Once you find the line containing "E. Chambon: Portrait de Mlle M. G. 1951", set down exactly that line and every one after it through the end of the listing below, with both ends included and any pictures omitted.
-----
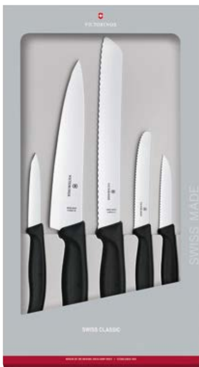
Coltelli Swiss Classic Set 5 pz
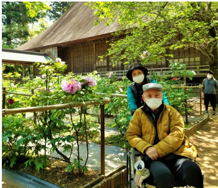
何とか咲き残っていた牡丹
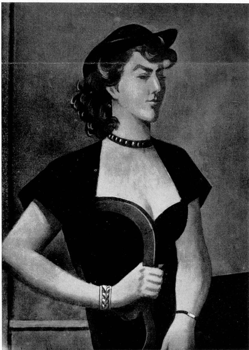
E. Chambon: Portrait de Mlle M. G. 1951
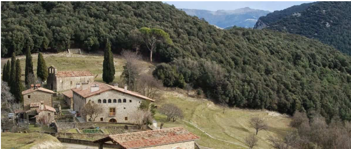
Vista general del casal de Llongarriu
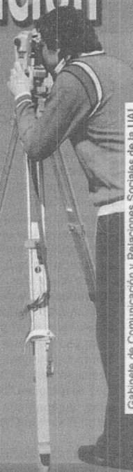
Gabinete de Comunicación y Relaciones Sociales de la UAL

Que los profesionales que salen de las Aulas de la UAL son unos de los mejores formados del país no es ningún farol. Según los últimos datos estadísticos oficiales nuestros titulados son los primeros que consiguen trabajo a nivel andaluz y los quintos a nivel nacional. Y no es por casualidad. Una sociedad en constante evolución demanda respuestas rápidas y una Universidad que sepa adaptarse y buscar los cursos que se adapten mejor a las demandas del mundo empresarial y profesional.
-----
◆ REPLY ◆
E. Chambon: Portrait de Mlle M. G. 1951
Vista general del casal de Llongarriu
Gabinete de Comunicación y Relaciones Sociales de la UAL

Que los profesionales que salen de las Aulas de la UAL son unos de los mejores formados del país no es ningún farol. Según los últimos datos estadísticos oficiales nuestros titulados son los primeros que consiguen trabajo a nivel andaluz y los quintos a nivel nacional. Y no es por casualidad. Una sociedad en constante evolución demanda respuestas rápidas y una Universidad que sepa adaptarse y buscar los cursos que se adapten mejor a las demandas del mundo empresarial y profesional.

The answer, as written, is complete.